# Who uses a FX5 for water changes?



## Kevin007 (Jul 20, 2008)

I was thinking of using a FX5 for water changes on a 220G, using gravity to change the water will take hours..

What are your experiences with using a FX5?


----------



## ry05coupe (Dec 30, 2008)

buy / make a python system.


----------



## Kevin007 (Jul 20, 2008)

ry05coupe said:


> buy / make a python system.


Doesn't pump out water as fast as a FX5


----------



## gmaschke (Aug 23, 2008)

No but its easier and you can get the debri in the gravel instead of water only.

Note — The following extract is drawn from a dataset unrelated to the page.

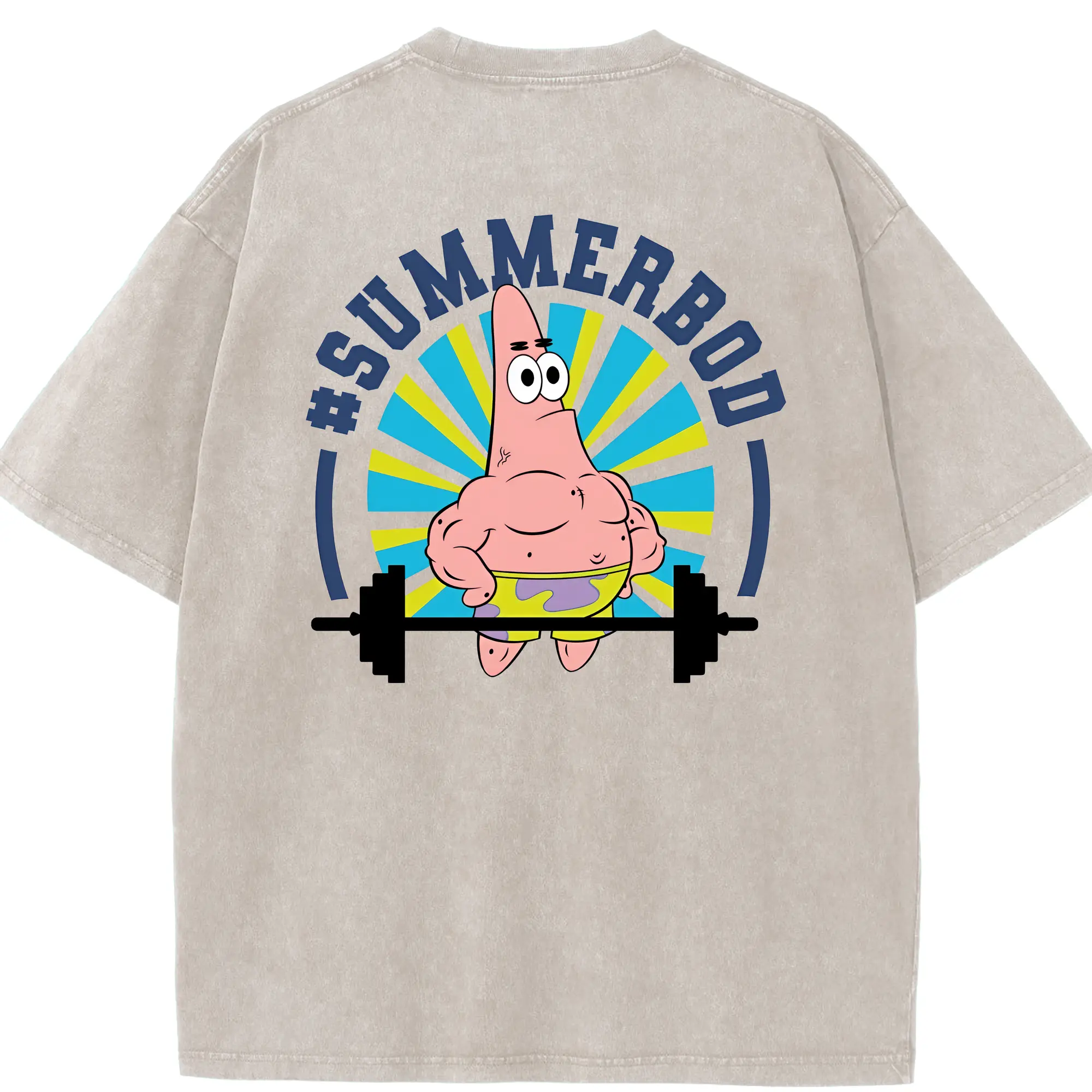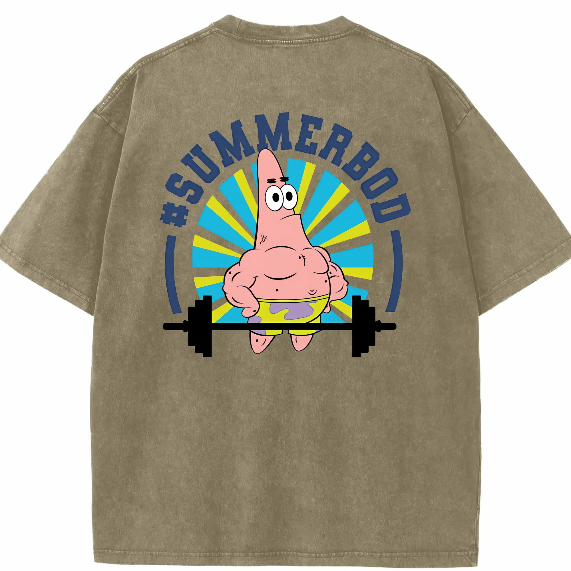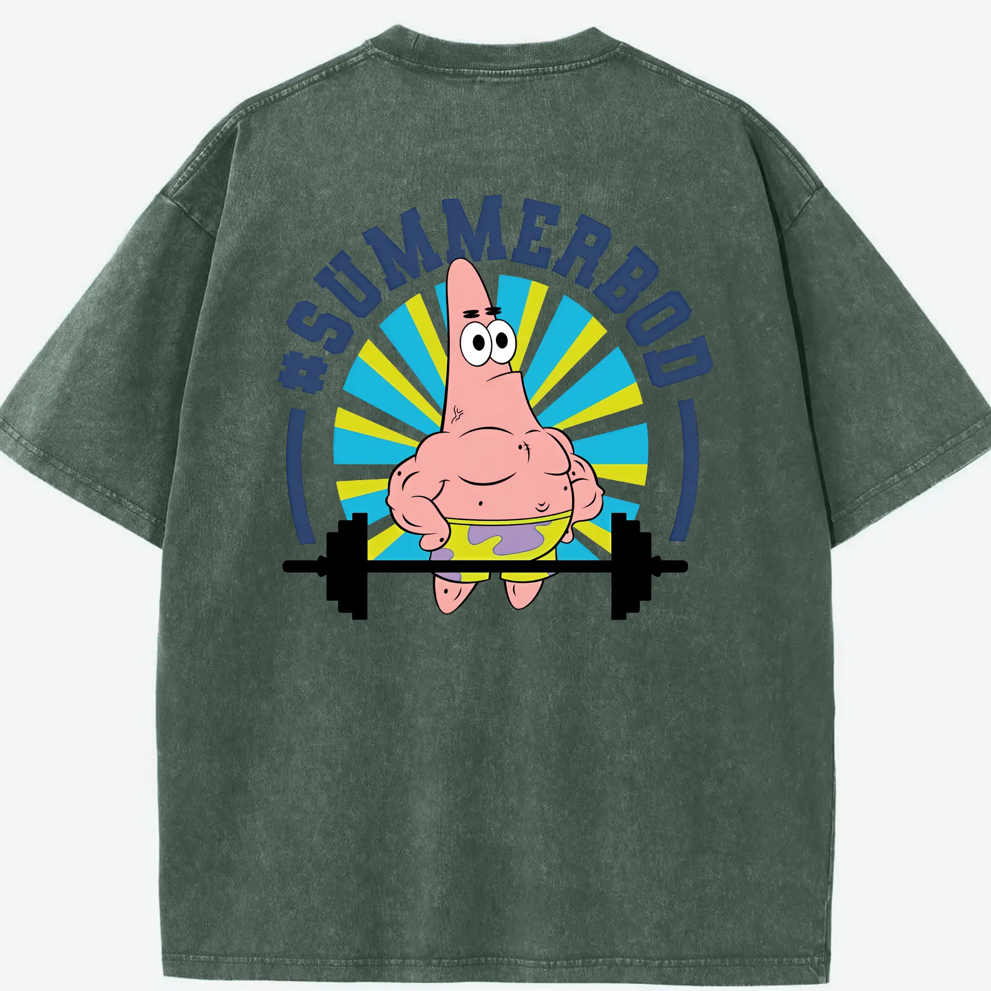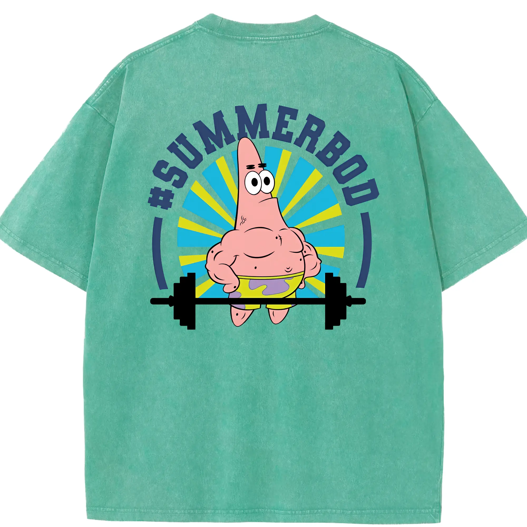 スポンジボブ グッズ パトリック・スター - 綿100% ヴィンテージ風 半袖Tシャツ ・ フロントプリント ・ 柔らか肌触り ・ 通気性 快適 ・ スポーツ カジュアル 外出用

I have an Fx5 and did use it to w/c 1x and went back to the python


----------



## Pilgrim (Mar 28, 2005)

Wouldn't a powerhead pump out the water just as fast and be cheaper and less cumbersome.
Unless you want to filter the water that you pump out.


----------



## mr limpet (Oct 16, 2007)

I actually use both in my 90 gallon.I use the python to gravel vac,then the fx5 to drain the rest of the water in the tank.I change 50% water each week,and after gravel vac,it takes minutes instead of half an hour to drain tank useing the fx5.Then I use the python to refill tank.I would definitly use the fx5(to drain water)on a tank that size,it will save you lots of time.


----------



## zcfish (Jan 31, 2009)

i do have an fx5 and find it cumbersome to change water with it. i use a powerhead (quiet one, cheap) to pump the water out then use the same power head to pump the water in from a garbage can. i only need to gravel vac maybe once every three or four weeks with all the circulation not much poop left. i use a sand substrate which helps.


----------



## Kevin007 (Jul 20, 2008)

I plan to run a 55G sump + Eheim 2217 + 3-4 Koralia powerheads for water circulation - hopefully, little to no poop is left in the sand.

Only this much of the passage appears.